To evaluate the impact of improved surgical management of hepatocellular carcinoma (HCC) on the survival of patients with screened HCC.


It is unclear whether the advent of new treatment modalities such as liver transplantation and radiofrequency ablation (RFA) in recent years have improved the long-term survival in patients with HCC detected by screening.


A prospective database of 1366 patients with known chronic hepatitis B or C virus infection diagnosed with HCC either by screening or symptomatic presentation from January 1991 to December 2004 was reviewed. The long-term survival of HCC patients in the screened and symptomatic groups was compared. The management and survival of patients in two 7-year periods (1991-1997 vs. 1998-2004) were further compared.

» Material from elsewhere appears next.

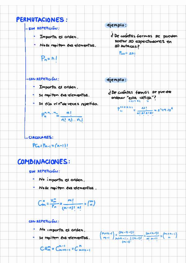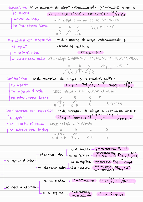 Tabla resumen + ejemplos de combinatoria
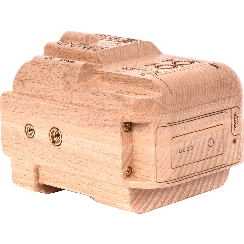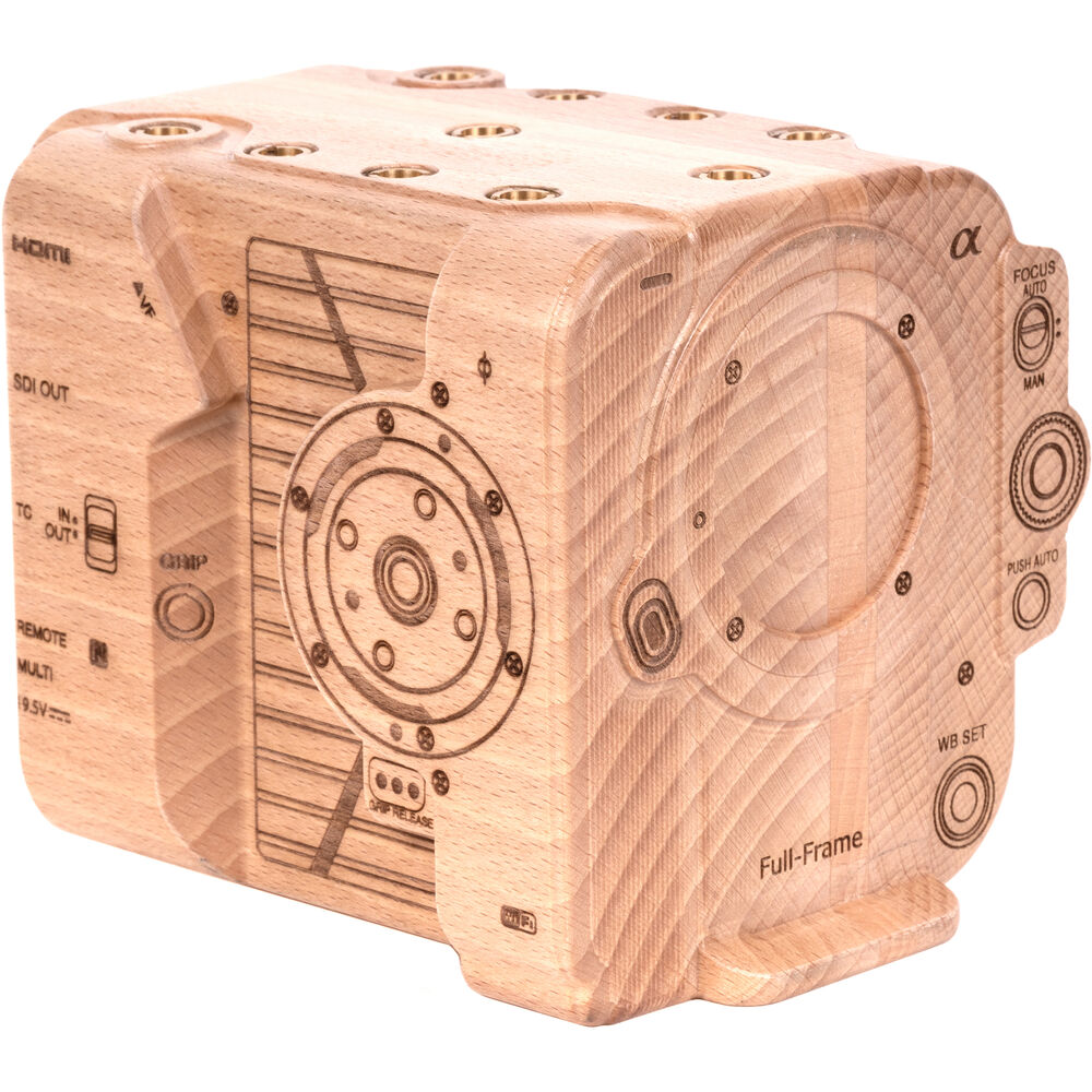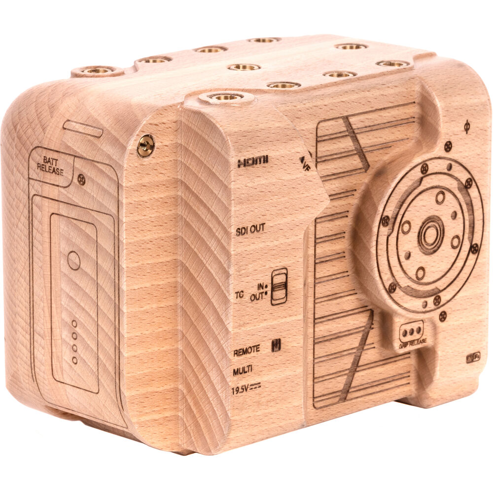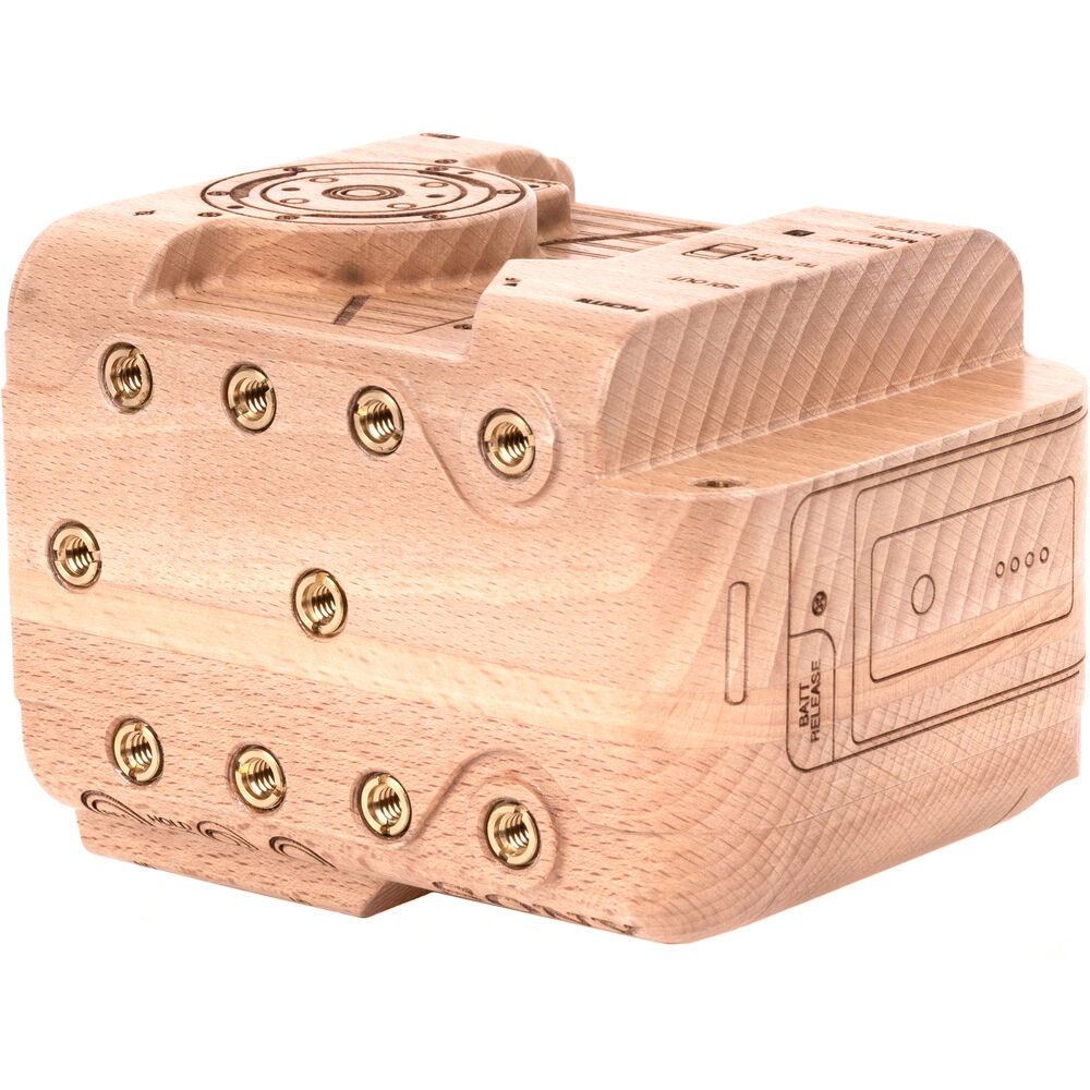 Designed as an accurate replica of the camera's overall form factor, this wooden model is embellished with markings of where buttons, switches, and dials would be, along with representations of the lens mount and most of the mounting points. It has ten 1/4"-20 threads on top and two M3 threads on the back, as well as one 1/4"-20 and one 3/8"-16 thread on the bottom to mount a variety of accessories such as top plates, bottom plates, side plates, extension arms, or brackets.

Long-term survival was significantly better in the screened group than in the symptomatic group (median survival 61.9 vs. 11.5 months, P < 0.001). The proportion of patients with curative treatment increased from 50.5% in the first period to 67.8% in the second period in the screened group, but there was no significant change in the symptomatic group. Improved long-term survival was observed in patients with HCC detected by screening and treated in the second period compared with the first period (median survival 68.5 vs. 38.7 months, P = 0.022), but no significant improvement was observed for symptomatic patients.


Survival of patients with HCC detected by screening has improved in recent years due to increased chance of curative treatment with the advent of liver transplantation and RFA.